Over the past 25 years, it was a sheer privilege for any player to represent Manchester United. Sir Alex Ferguson transformed the club from an also ran in the 80s to a well-oiled winning machine in the 90s and the early part of the 20th century.
There has been plenty of stories over the years about how the inner workings of the club contributed to their monumental success and legacy that they built.
One man who was a central figure to that ongoing success was Ryan Giggs. The Welsh winger was an icon of the club during his career and remains United's highest appearance holder, turning out an impressive 963 times.
This spell yielded an unmatched 13 Premier League titles, four FA Cup and two Champions League titles, amongst others.
So you would imagine that Giggsy absolutely loved every minute of it. However, while that would be a safe assumption to make, you'd actually be wrong.
Yep, that's right, Giggsy admitted in his column in The Telegraph that he actually didn't enjoy the pressure or many of the games he featured in.
The expectation to deliver trophy after trophy at Old Trafford meant he could never relax and enjoy his football when he was on the pitch.
"As for the life of a footballer itself, I can say that it does come with stress of its own," he said.
‘I have to admit that I never really enjoyed the games.
"There was too much at stake playing for United. Unless you were 3-0 up with 10 minutes to go you learned that football had a habit of tripping you up. It was never wise to look around and relax and to enjoy the moment.’
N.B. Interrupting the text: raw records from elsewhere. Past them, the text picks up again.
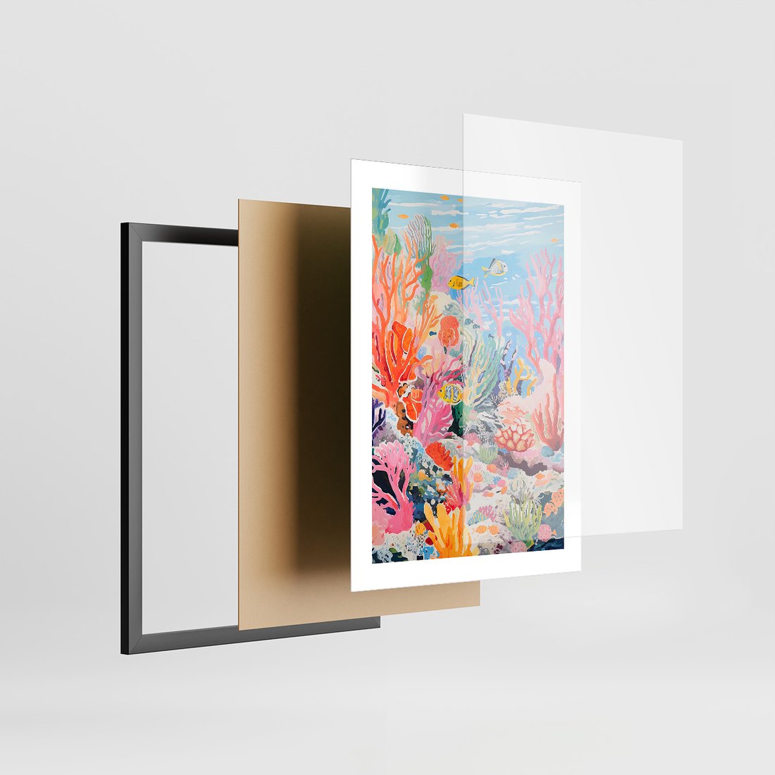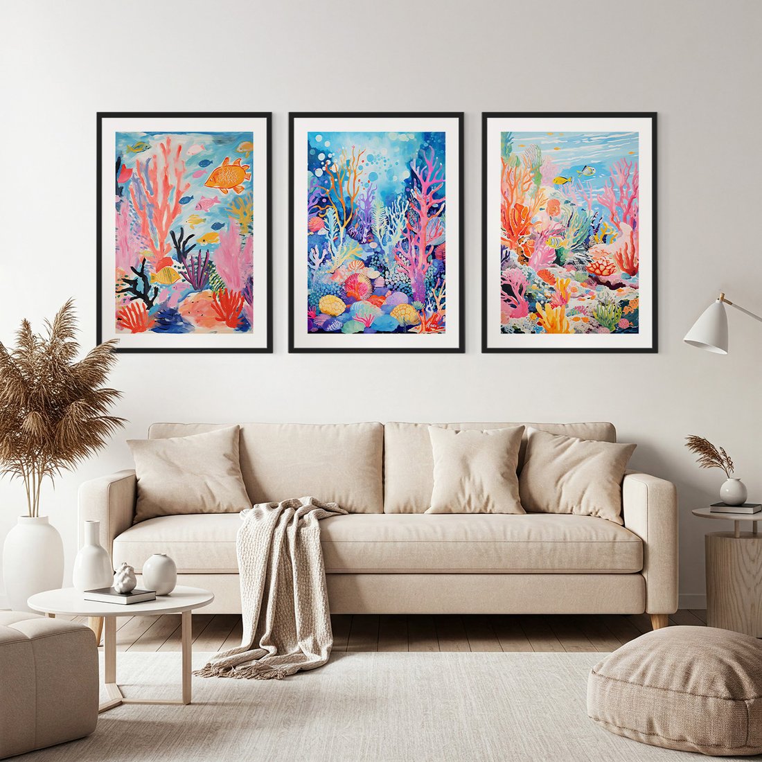 - Zestaw obrazy w ramie, plakaty - podwodny, rafa, ryby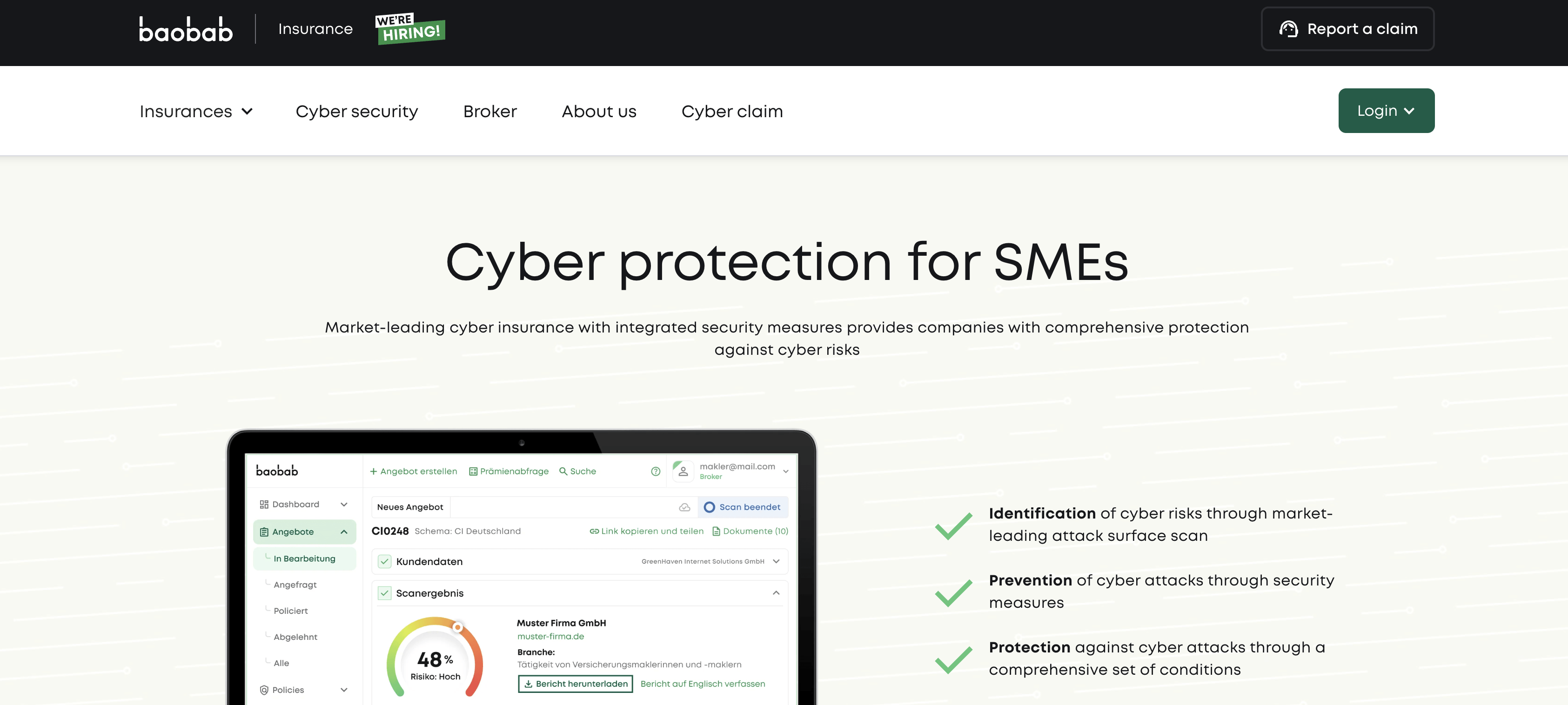 Baobab is a Berlin-based cyber-insurance MGA that combines a market-leading insurance policy with built-in risk-prevention services for Europe’s SMEs, delivered through a broker-friendly digital platform.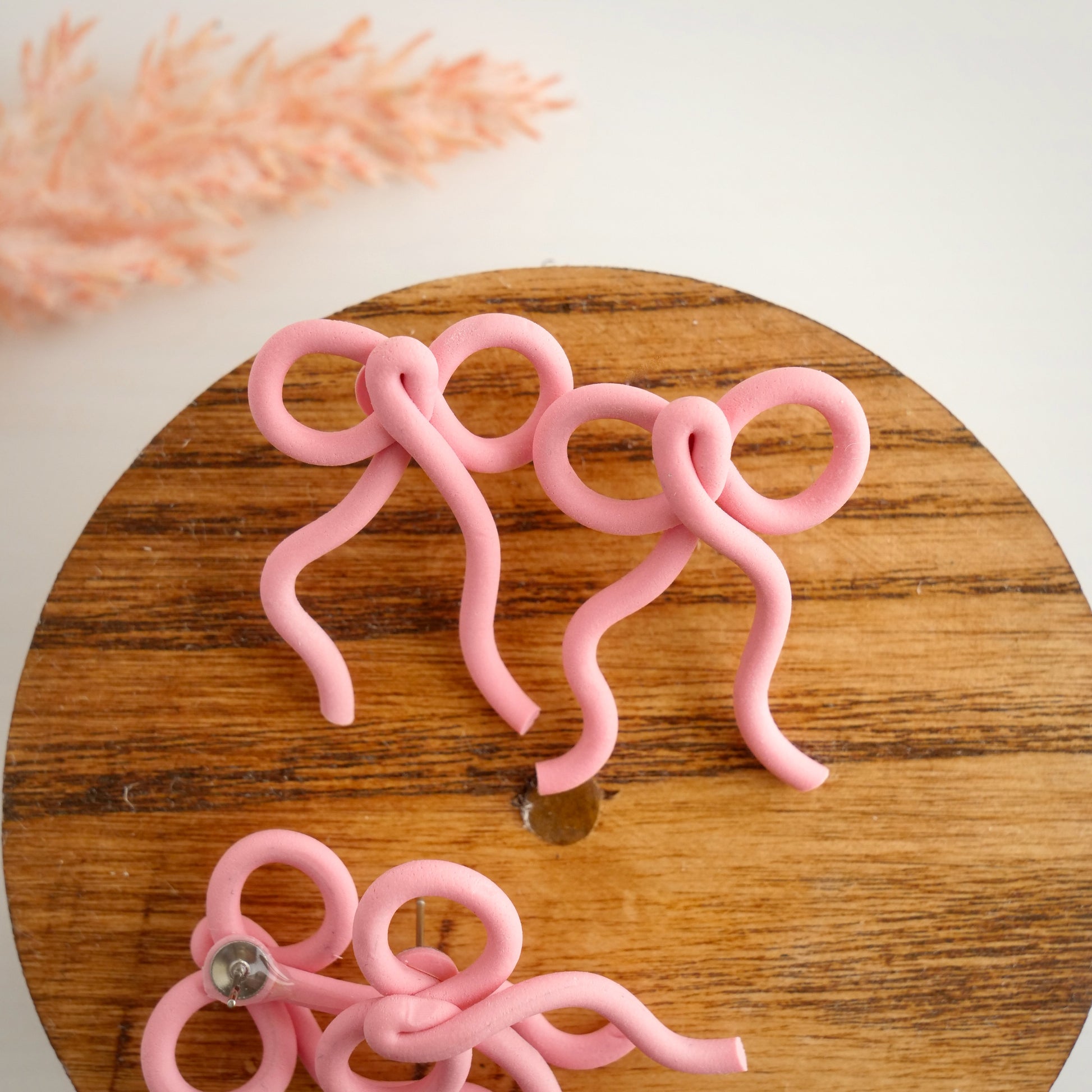 Skinny Loop Bow Studs in Guava Pink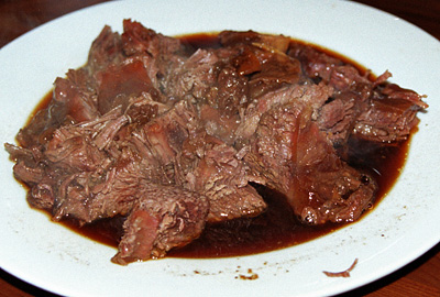 お次は北京ではきわめてポピュラーな醤肉(ジャン・ロウ)。お店の一画にはガラスごしの小部屋があって、そこでは巨大な寸胴の中にこの牛のすね肉がぐつぐつ煮えている。客は店員にグラム数を言って注文するらしく、料理人はその場で切り分けて出す。これも牛すね肉の香辛料入りショウユ煮そのもので、特になんということのないものだけど、日常の味な感じがいい。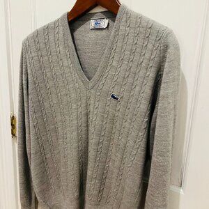 Vintage IZOD Lacoste Super Soft V Neck Cable Knit Sweater Size Large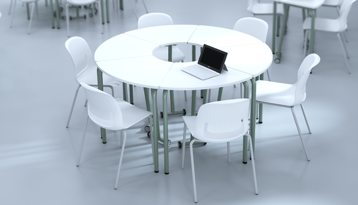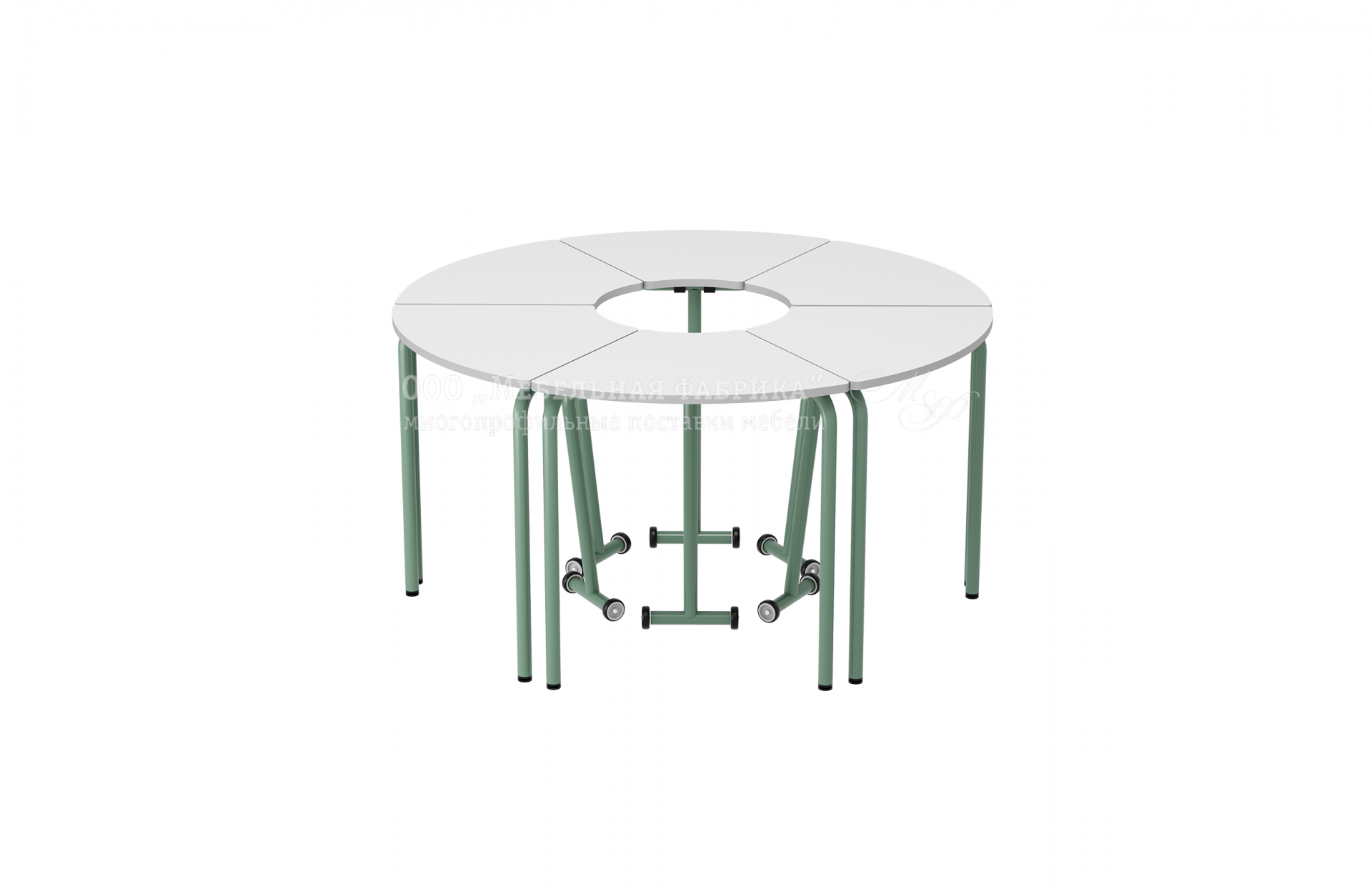 FLAP подходят для обустройства помещений и творческих пространств различных размеров и нестандартной планировки. Их уникальная форма столешницы – трапециевидная с закругленными углами – образует круг, когда столы установлены вплотную друг к другу (6 секций). Не регулируются по высоте, но могут быть изготовлены в определенной ростовой группе. Благодаря колесикам столы легко перемещаются, а также компактно складываются в горизонтальную стопку, экономя место. Столешницы изготовлены из качественного ДСП S=18мм с кромкой ПВХ и пластиковым покрытием. Поверхность столов антибликовая, что предотвращает отражение света.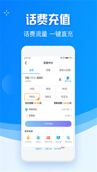 中国移动app官方版新增充值卡识别,简化支付流程,支持实时快速话费充值和优惠折扣,简单安全无需等待;
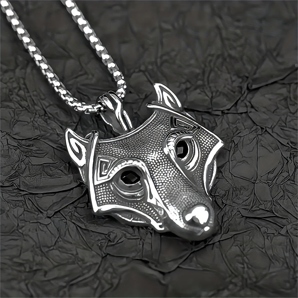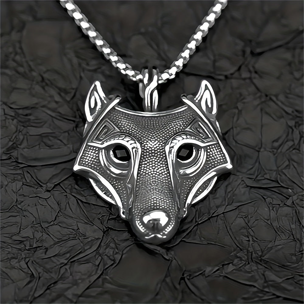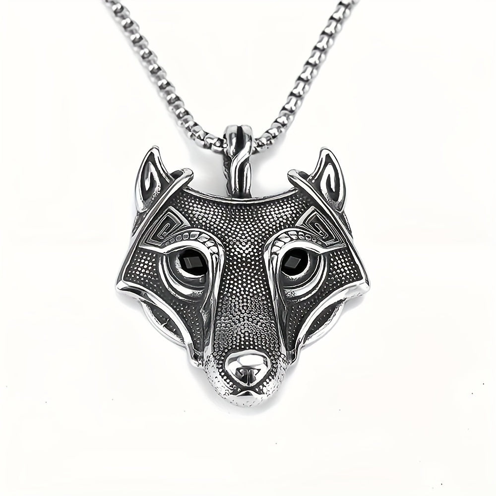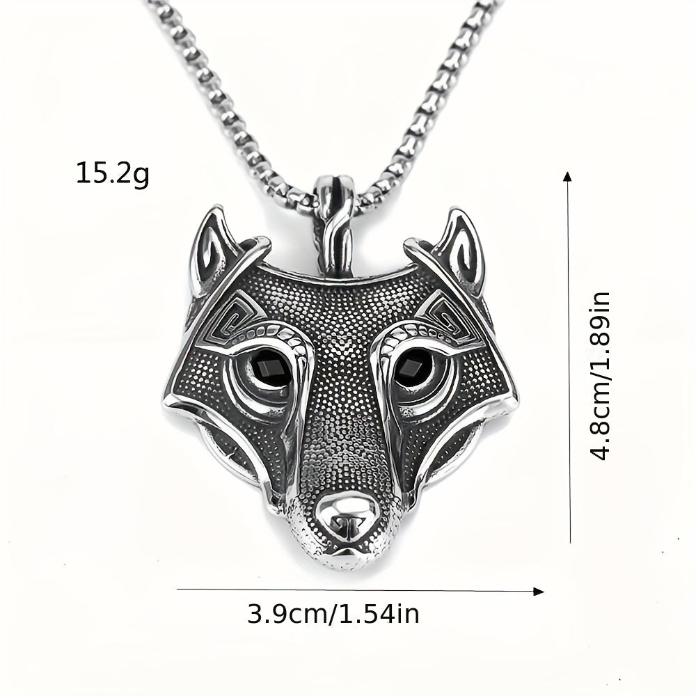 This necklace for men features a Viking hemp dot wolf head pendant made of titanium steel. It comes with a 23.6-inch stainless steel square pearl necklace, perfect for a stylish look.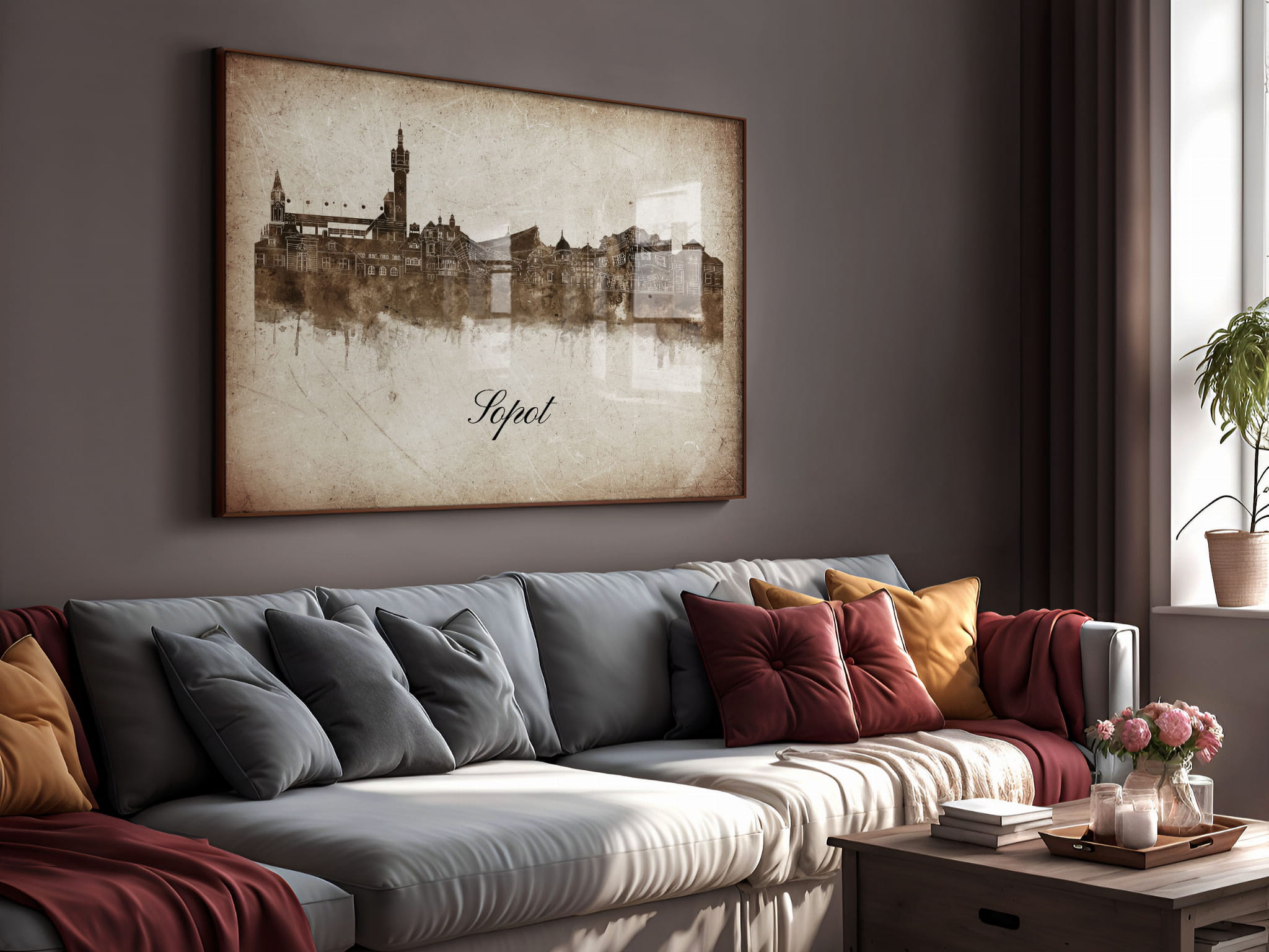 Plakaty skyline w stylu vintage to nowoczesne dzieła sztuki, które nawiązują do estetyki minionych dekad. Przedstawiają miejskie krajobrazy w retro kolorystyce, z wyblakłymi barwami i z delikatną patyną czasu. Kontury są często zmiękczone, a szczegóły budynków lekko stylizowane, co dodaje im nostalgicznego uroku. Tła plakatów utrzymane są w odcieniach przypominających stary papier, z subtelnymi teksturami i ciepłymi, przygaszonymi tonami. Całość tworzy elegancki i przytulny klimat, idealny do wnętrz, które łączą nowoczesność z klasycznym wdziękiem.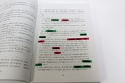 この付箋紙の利点は、1ページの中で赤と緑の付箋紙を自在に使い分けられるところだ。たとえば英単語を覚える際に、英単語に赤マーカーを記載して、訳語に緑マーカーを記載しているような場合でも、それぞれを隠すために別の色の付箋を貼ることができる。1つの文章の中に赤マーカーと緑マーカーが混在しているような状況でも有効だ。

Giggs made the admission after the new broke that England winger Aaron Lennon had been detained under the Mental Health Act and pointed out that while wealth and fame came as a bonus of being a footballer, but that didn't make them immune from mental health issues.
However, the former Wales international did reveal that it wasn't all doom and gloom, and that there were aspects of his career that he did enjoy.
"I did love training,"he added.
"Although it was always intense, there was not the pressure of matchday and you were with people you liked and respected playing the game you loved. We ate well, we were well looked after and that daily hit of endorphins from exercise has a big effect on your mood."